2026-01-31
caught in the middle
Scott Alexander highlights on Moltbook. From what I understand, this is similar to the sorts of things that Softmax is experimenting with, so it seems great for alignment research that now we have a lot of people copying their approach, working for free and paying for compute out of their own pockets. Also, one thing which occurs to me when reading some highlighted posts is that they seem very Bay Area coded1, engaged in either performative shipping or spiraling into Buddhist-flavored self-analysis, or even both at the same time.
Republic of Letters interview with Vanya Bagaev on modern Russian and Anglo literature. I was going to mention I haven’t really read any modern works originally written in Russian, but actually I remember I enjoyed reading the fantasy novels of the Dyachenkos, in large part because of their presumably Slavic intensity.
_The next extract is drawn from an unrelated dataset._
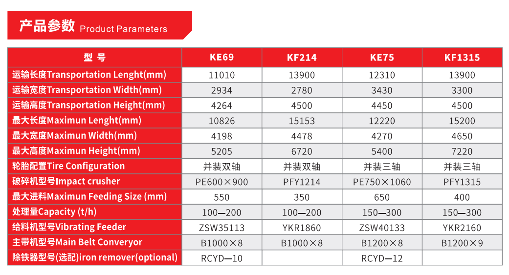 注:1.可根據(jù)客戶量身定制輪胎式移動破碎站;

Alex Olshonsky on his experience of drug addiction. It’s interesting how once you’ve read one of these stories, you’ve basically read them all, since it’s pretty predictable how they will end up going2. Yet there are so many of them, exactly because these experiences produce such deep emotional feeling that the authors feel they have to get them out. So why one read them and how one differentiates them is depends on the quality of the writing. Stories of grief are similarly dependent on writing quality as opposed to content; on that note, Harjas Sandhu on processing the death of his friend Sam Terblanche (due to medical error, not drug related).
Brett Devereaux on his theory for the causes of the bronze-age collapse.
Works in Progress podcast discussion on the history of overregulation of nuclear power. Also, Matt Clancy abundance policy linkthread.
Linch Zhang explains some multiple entrendres.
Something which occurs to me is that trying to shape Claude into a philosopher king isn’t a great approach for the moment, because a personal assistant exists as a subordinate interacting with a single user, which is probably not a particularly enjoyable situation for a would-be philosopher king (not to mention that LLMs just aren’t smart enough to play the role convincingly at the moment). I feel like there are alternative cultural archetypes which embody safe, honest, and helpful which are more suitable for their current capabilities: Since OpenAI loves hard rules so much, maybe they should acquihire Sakana for assistance to create a constitution built around a spirit of omotenashi. Meanwhile, Deepmind could embrace their British heritage and buy the AskJeeves trademark; Jeeves is smarter than Wooster and knows it, but he always acts with Bertie’s best interests in mind regardless.
Which perhaps lends some credibility to the definition of addiction as that which funnels you down a path with increasingly fewer options. The source is TPOT (a hand-drawn picture of two branching trees colored green and red; maybe by Vasco?), but I can’t seem to find it right now.